Last semester, International Justice Mission’s anti-trafficking fashion Interwoven was featured in the Thresher. The article concluded with a call from me imploring Rice students to consider the connections between social issues they care about and human trafficking. I am writing today to expand upon that call to action and to mobilize the campus to consider trafficking more deeply.
Human trafficking is defined by the United Nations as the “recruitment, transportation, transfer, harbouring, or receipt of people through force, fraud, or deception with the aim of exploiting them for profit.” At its core, human trafficking is the exploitation of a person for personal gain. As noted in last semester’s article, over 50 million people are currently enslaved, more than at any time in human history. However, when I talk to Rice students, many of them do not seem too concerned about this human rights violation. Instead, they dismiss the issue. One peer of mine even expressed skepticism that sex trafficking even exists. I wonder if they worry I am trying to sell them on building a border wall to block undocumented migration or a QAnon conspiracy about a pizza restaurant. I am not. Instead, I am calling on Rice students to include the issue of human trafficking in their advocacy and to educate themselves on the issue.
Fundamentally, human trafficking is a women’s issue. The International Labour Organization estimates that 4.9 million women and girls are exploited through forced prostitution in the commercial sex industry. Sex trafficking is fueled by a misogynistic culture that demands access to a woman’s body, denying her right to autonomy. Yet, feminist organizations at Rice don’t speak up enough against sex trafficking, despite the fact that Houston ranks second in U.S. cities for sex trafficking.
Beyond sex trafficking, the ILO estimates that over 22 million women are trafficked through forced marriage, another example of how trafficking is fueled by the denial of women’s autonomy. Labor trafficking is also driven by the patriarchal desire to control a woman’s career, with research finding that in countries where women are excluded from the traditional economy, they are at a heightened risk of trafficking due to their economic desperation.
You do not need to consider yourself to be a feminist to care about human trafficking, but you cannot be a feminist without including human trafficking in your advocacy. As a student and feminist, I call upon all Rice students and feminist groups to educate themselves about human trafficking.

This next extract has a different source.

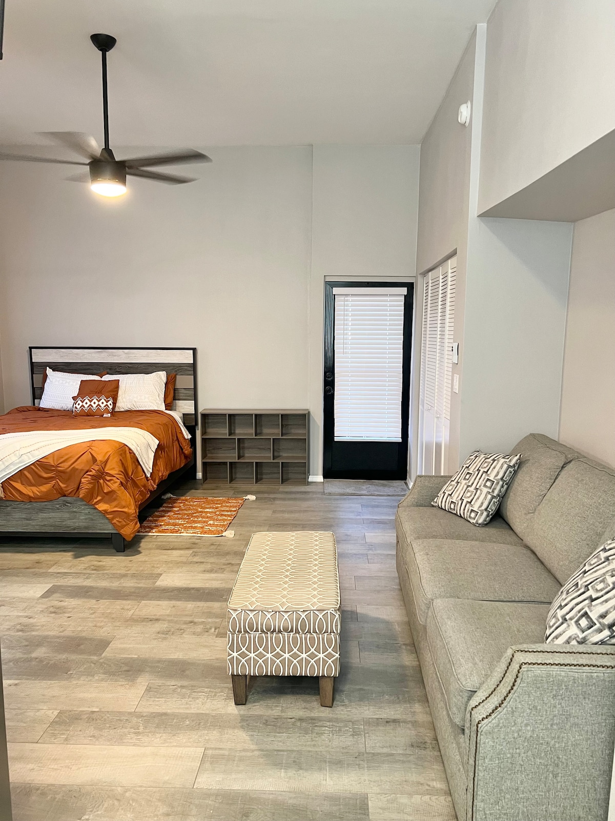 Newly remodeled Queen bed & full sleeper sofa - sleeps 4 just 12 blocks to downtown Ocala 8 miles to the WEC ( World Equestrian Center). Detached from the main house w/washer dryer, fenced in patio, 1 parking space, full kitchen. Sorry no pets. Not baby proofed. Gigablast high speed internet. Air-Bnb is separated from the main house but on the same property. Please do not go in the back yard of the main house. Security Cameras records the outside gravel parking space.

Local anti-trafficking leaders recommend starting with exploring lifestory.org, viewing International Justice Mission’s vast catalog of video resources or reading Rachel Lloyd’s, a survivor of sex trafficking, powerful memoir “Girls Like Us.”. These resources are extremely helpful and will lay the foundation for your understanding of trafficking.

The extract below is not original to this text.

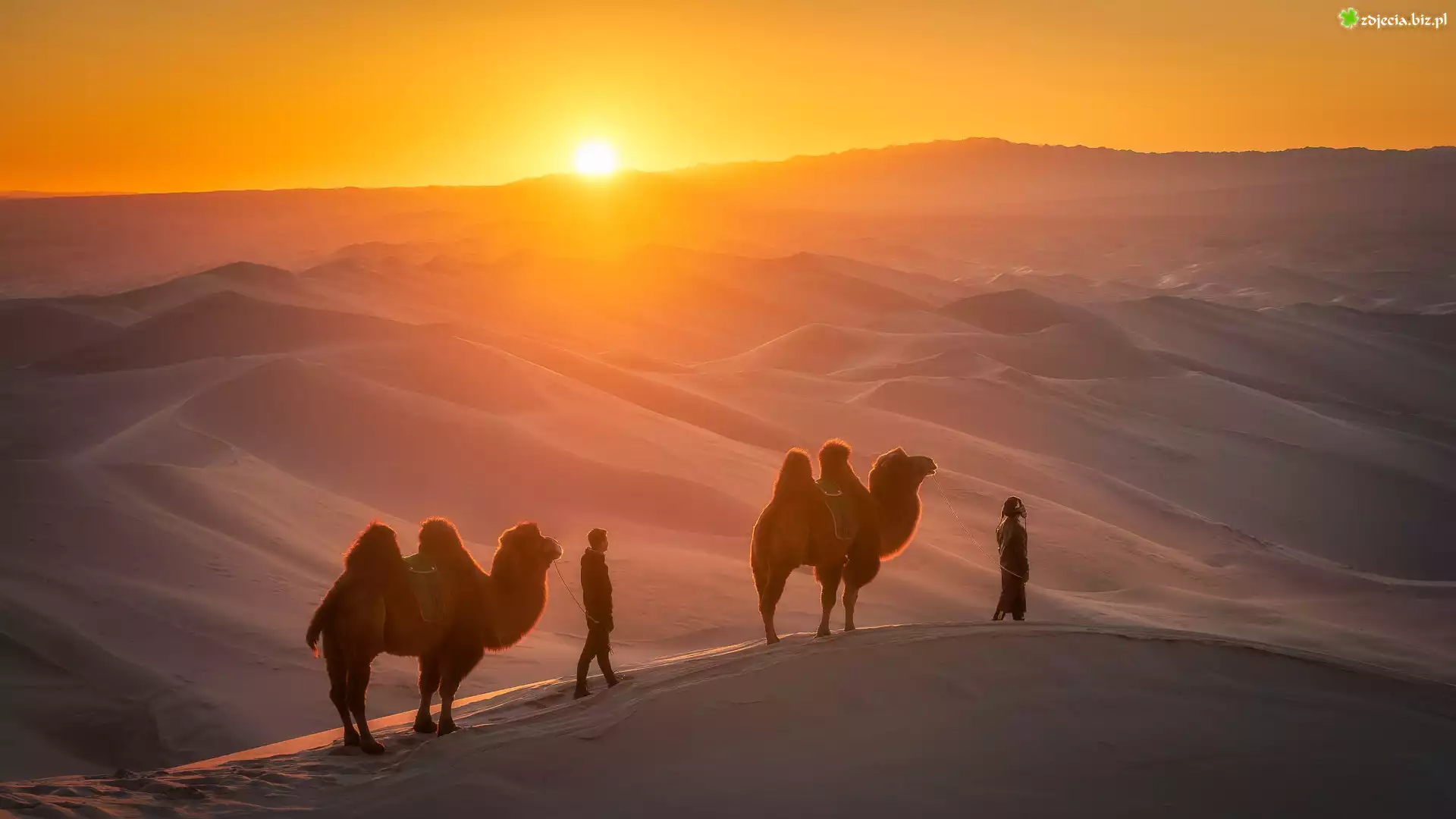 Zdjęcie Mongolia, Pustynia, Gobi, Wydmy, Karawana, Wielbłądy, Człowiek, Zachód słońca

Beyond this, when anti-trafficking legislation comes before the Texas Legislature or U.S. Congress, support it by calling your representative and scheduling meetings with them. I am currently advocating for the passing of the EARN IT Act, an anti-child sexual abuse material bill, and invite you to do the same.
Even if you do not have the capacity to call your representative, you have the capacity to care. We can all modify our decisions to be more conscious of trafficking, from refusing to purchase clothes that have been made by those experiencing trafficking to abstaining from watching pornographic videos that feature women being exploited. It is first by looking inward at our own actions that we can start to change the systems that shape trafficking. As a feminist community, I call upon us all to start talking about human trafficking, advocating for its abolition and, more than anything, to care.